A week before the wedding, the women from the marriage committee asked to see the dress. The moment they saw it, they declared it unacceptable because it was strapless and too tight. They gave me a list of alterations, but my designer warned that making those changes would completely ruin the dress. I decided to stand my ground and told Jeff, who agreed we should go ahead as planned.

On the wedding day, just as I stepped out of the car to enter the church, the two women from the marriage committee stopped me. They pulled me aside and demanded to know why I refused to alter the dress. At first, I thought they were joking, until they said I would not be allowed into the church. According to them, the pastor would not proceed unless I fixed it as instructed.

I was furious. After all the money and effort I had put into my dress, they wanted to bar me from my own wedding? I called my mum, who tried to reason with them, but they refused to budge. They insisted I at least get a veil or jacket to cover up. When my mother-in-law arrived, she didn’t defend me. Instead, she sent someone to buy satin to patch the dress. In that moment, I stopped begging and insisted that if they wouldn’t let me in as I was, then I wasn’t going in at all.

The pastor heard what was happening, but instead of helping, he sent someone with an ultimatum. The service was meant to last until noon, and if I didn’t change my mind by then, he would leave, and no one should call him back. One hour had already passed. My mum panicked, my dad begged, and other relatives pleaded. Even Jeff came out to beg me, but I told them to beg the pastor instead.

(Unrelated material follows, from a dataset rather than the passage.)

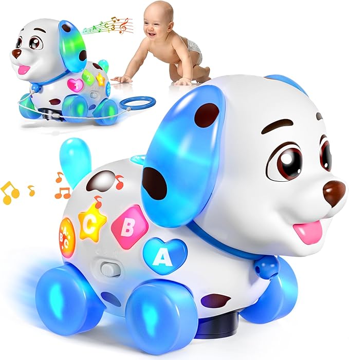 - Crawling and Walking Baby Toy: Attracted by various music and colorful lights, baby 6-12 month, 9+ months will try to crawl after this musical toy when it walking around with music playing. This baby toy 12-18 months also help baby and toddler 1+ year old to walk. It come with 4 ropes, it is a adjustable length pulling toy and the pull-along feature encourages mobility and coordination

My mother-in-law turned on Jeff in front of everyone, shouting that he had brought home a stubborn woman and asking how he planned to cope with me in marriage. I was boiling with anger and told my family I was ready to forget the church service altogether. We had already done the traditional wedding the day before, so I suggested we go straight to the reception.

When the time ran out and the pastor left, my uncle, who is also a pastor, offered to officiate at the reception venue. Jeff agreed, but his mum rejected the idea, saying it would only happen over her dead body. She stormed off, and most of her family members followed. One of Jeff’s uncles promised to calm her down and convince her to attend, so we went ahead.

We eventually had the joining at the reception, but the atmosphere was ruined. Jeff was tense and kept glancing over his shoulder, waiting for his mum. She never came. The M.C she hired didn’t show up either. Guests ate quietly, then left, and the turnout was much smaller than expected. It was nothing like the wedding I had imagined.

The event ended quickly, and we spent the rest of the day chasing relatives to plead with my mother-in-law. She agreed to see Jeff but refused to see me until the next day. When she finally did, she accused me of humiliating her, disrespecting the church, and preventing her from witnessing her only child’s wedding. She said she would only forgive me if I went to the marriage committee and her pastor to beg for their forgiveness and blessing.

It has been weeks since the wedding, and I keep putting it off with excuses. Jeff keeps reminding me that his mother won’t step into our home until I do as she asked. When I told him I can’t bring myself to beg those women who insulted me and that pastor who humiliated me on my wedding day, he said I should just do it for peace’ sake. This time, he made it clear he doesn’t support me and insists I’m only being difficult.

But I don’t see why I should keep bowing to her control. I already apologised. What more does she want?

I love Jeff, but the constant pressure makes me wonder what kind of marriage this will be. Everyone is telling me to give in, even my family. Part of me feels guilty that she missed her son’s wedding, but that was her choice. This feels like she is trying to impose herself all over again. I’m stuck between giving in to her demand or standing my ground once more.